This is a guest post by my friend and fellow Youthfront Staff Member Kurt Rietema, who is our Director of Justice Initiatives.
Preaching Peace
“For he himself is our peace, who has made the two groups one and has destroyed the barrier, the dividing wall of hostility, by setting aside in his flesh the law with its commands and regulations. His purpose was to create in himself one, new humanity out of the two, thus making peace, and in one body to reconcile both of them to God through the cross, by which he put to death their hostility. He came and preached peace to you who were far away and peace to those who were near.” Eph. 2:14-17
A little while later, Alejandro from next door showed up and I overheard their conversation. Armando told him, “You know Kurt and Emily, they’re from a different class, but you wouldn’t know it. They’re educated. They’ve got some money. But they’re here with us, you know? They’re not like other güeros. They could be living in other places among different people, but they’re here with us. That’s why I like them. They’re one of us.” It was a moment that validated our efforts of downward mobility. The immigrant experience is often marked by feelings of being unwanted, second-class, and perpetually catering to someone else’s desires. It’s lonely, alienating, isolating and anti-shalom. But here, Armando was seeing the temporary rules of the world suspended as together in our neighborhood we’ve put aside what divides us, we preach peace to one another, and taste a new kind of humanity.

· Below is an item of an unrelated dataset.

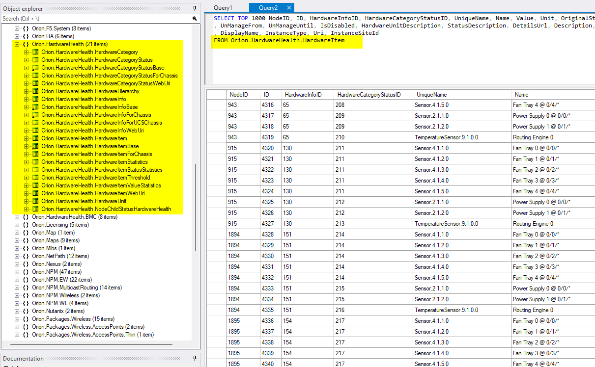 Hi, Can anyone help me on Which table I can get these data in SDK. Device Performance, Device Fan, Power Supply.
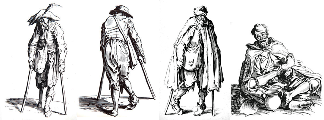 7. Jacques Callot (Nancy, Fr; 1592 - 1635) desenhista francês tinha um talento singular para imaginar posturas, fisionomias, trajes e figuras extravagantes. Sua cidade, Nancy, foi sitiada e humilhada com a entrada do exército de Luís XIII. Durante a guerra desenhou os suplícios e sofrimentos em uma série de dezoito imagens, além da outras inúmeras ilustrações impactantes e disformes.

The week after Mike Brown was shot in Ferguson, Missouri, I was fixated on social media. The protests and marches had become about so much more than taking sides on Mike Brown’s presumed innocence or his guilt. It became the epicenter of racial pain in the US. On social media, I heard the pain and the raw emotion pour out, unedited from people of color in a way that I never had experienced before. And some of the most recurring, frustrated cries were the ones that wondered why their white brothers and sisters were so silent, echoing Dr. King’s Letter from a Birmingham Jail, a generation before. One reporter asked someone how he felt about Mike Brown’s death being a young, black man himself. His response cut right to the very alienation that was embedded and invisible within the question itself. “I don’t know, how do you feel about it as a human?” At their core, the marches and protests were about people of color looking for validation, emotional bids burdened by a desire to know they’re not alone. They wanted someone to acknowledge that their pain is real; to tell them they’re not crazy and that their frustration is not unwarranted. The Sunday after Mike Brown was shot, I called up a few friends and we went to Ferguson, not to take sides but to walk with them and tell them they weren’t alone.
When we walked up Florissant Avenue for the first time, we were the ones who felt alone. It seemed the only other white people were either cops or the media. Soon, we stopped to talk to a few people—friends of the Brown family as it so happened. They welcomed us in and shared some of their stories. They found out we were from Kansas City and they thanked us for coming down and joining them. They took away our anxiety and displacement and, from their response, it seemed their sense of alienation subsided as well by standing with them. If only for a moment and if only among a handful of people, the normal dividing wall of hostility was set aside and we experienced the new humanity that Jesus came to bring.
A few months ago, Sarah Bessey, a Christian writer and blogger wrote a brave piece about how the world traffics in fear of the other and the unknown and how evil and hatred is propagated by fear. “Be afraid, the world tells us. And now, sadly, it seems many of our [Christian] media outlets and leaders are telling us the same thing. Be afraid. Be afraid of money, be afraid of losing “the fire”, be afraid of education, be afraid of theology, be afraid of growth and change...be afraid of the news, be afraid of Islam, be afraid of the President, be afraid of the UN, be afraid of immigrant children, be afraid of other churches, be afraid of the Pope, be afraid of socialism, be afraid of the government, be afraid of the world, be afraid be afraid be afraid.” Yet we know that there is no fear in love, forperfect love casts out fear. Throughout scripture, it seems that every angelic or divine encounter is prefaced by one message--don’t be afraid. And when Israel lived in terror in Egypt, they cried out andGod listened. When scared and helpless during the period of the judges, God didn’t abandon them. When living in fear under Roman occupation, God did not remain distant. Instead God took on flesh and moved into the neighborhood. When the world ran from the lepers, Jesus ran toward them. When the Jews flanked Samaria, Jesus cut through it. When the Temple cordoned off the Gentiles, Jesus took them for dinner. Do not be anxious about tomorrow and do not be afraid, says Jesus, for there is not one square inch of creation that is not mine.
God has given some to be apostles, some to be prophets, some to be evangelists, pastors and teachers. Sometimes I’m not sure if I fit any one of those categories as cleanly as I, or others, might like. But it seems that one constant message that God keeps surprising us with is that the world is not such a scary place after all. Preaching peace both to those whose life is very different from me and to those who are like me is one thing I can’t keep silent about. For it is Jesus who casted off fear like he casted off demons, showing the world for the first time what it means to truly be human, what it really means to live, what it really means to love. Without fear, one new humanity.